15 g butter,
1 1 / 2 tablespoons flour,
2 cloves Garlic,
4 sprigs parsley,
2 chicken breasts 125 g,
75 g soft cheese (Emmentaler cheese),
50 G Prosciutto Crudo in blocks,
1 Egg
1 tablespoon lemon juice,
1 teaspoon Hot Paprika,
Salt,
Pepper,
Breadcrumbs,
Oil for frying
The ingredients are about 20-25 croquettes.

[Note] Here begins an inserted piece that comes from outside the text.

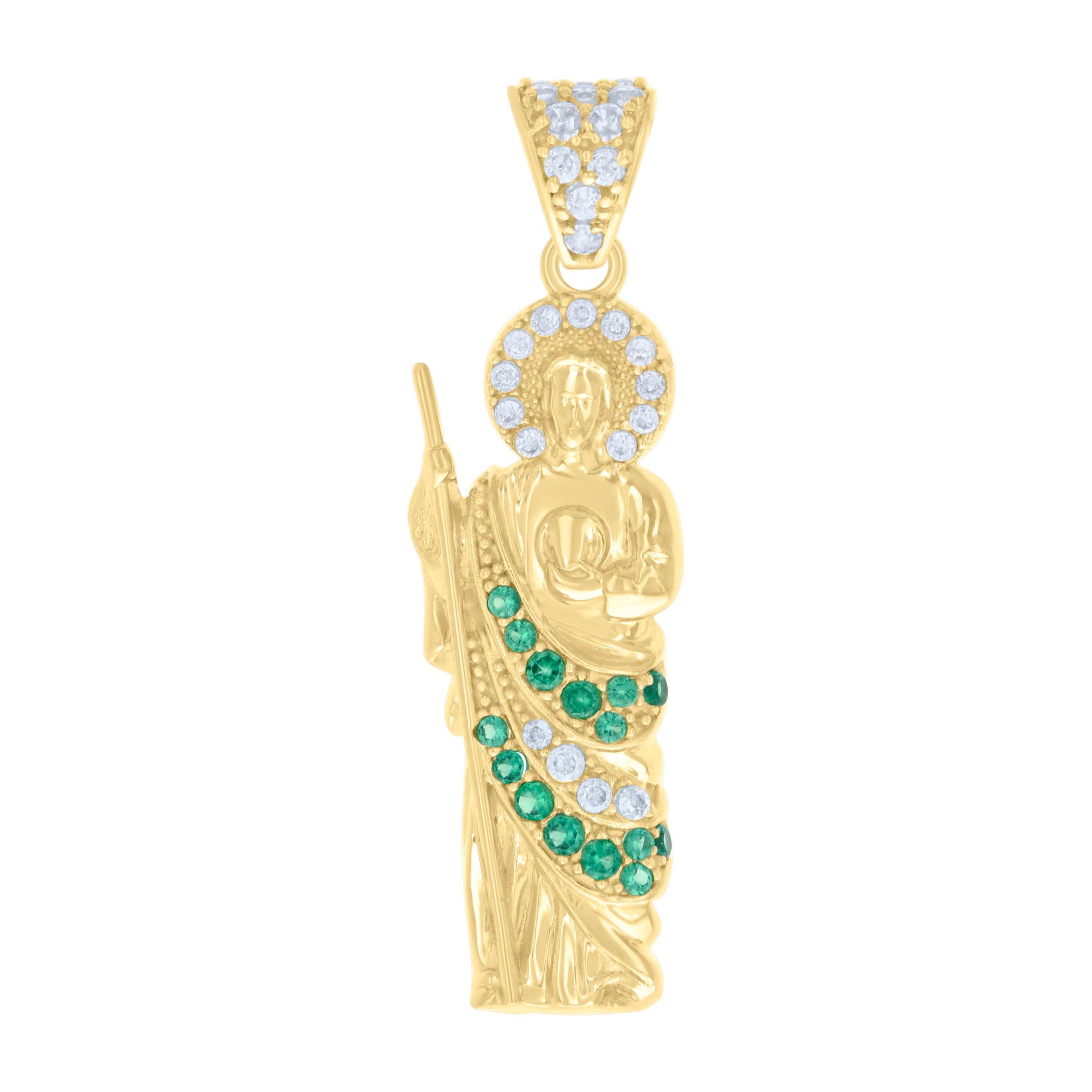 14kt Yellow Gold Mens Green White Cubic-Zirconia St. Jude Religious Charm Pendant

Melt the butter over low heat, add the flour and stir until the reach a brown color, then remove from heat.
Add salt and cook the chicken breasts on the plate and, once cool, cut into cubes.
Mince the parsley and then diced garlic, cheese and prosciutto. In food processor (or on the board if you want to use the crescent) Put the chicken, flour dusk, a part of the cheese, egg, lemon juice and paprika. Let go of the blade to obtain a homogeneous mixture but still containing small pieces not chopped.
Then add the remaining cheese, ham, parsley and let go a bit .
With wet hands, take about 25 long balls rotolatele in breadcrumbs.
Fry in abundant hot oil for 2-3 minutes stirring often, allow to dry on kitchen paper and serve right away.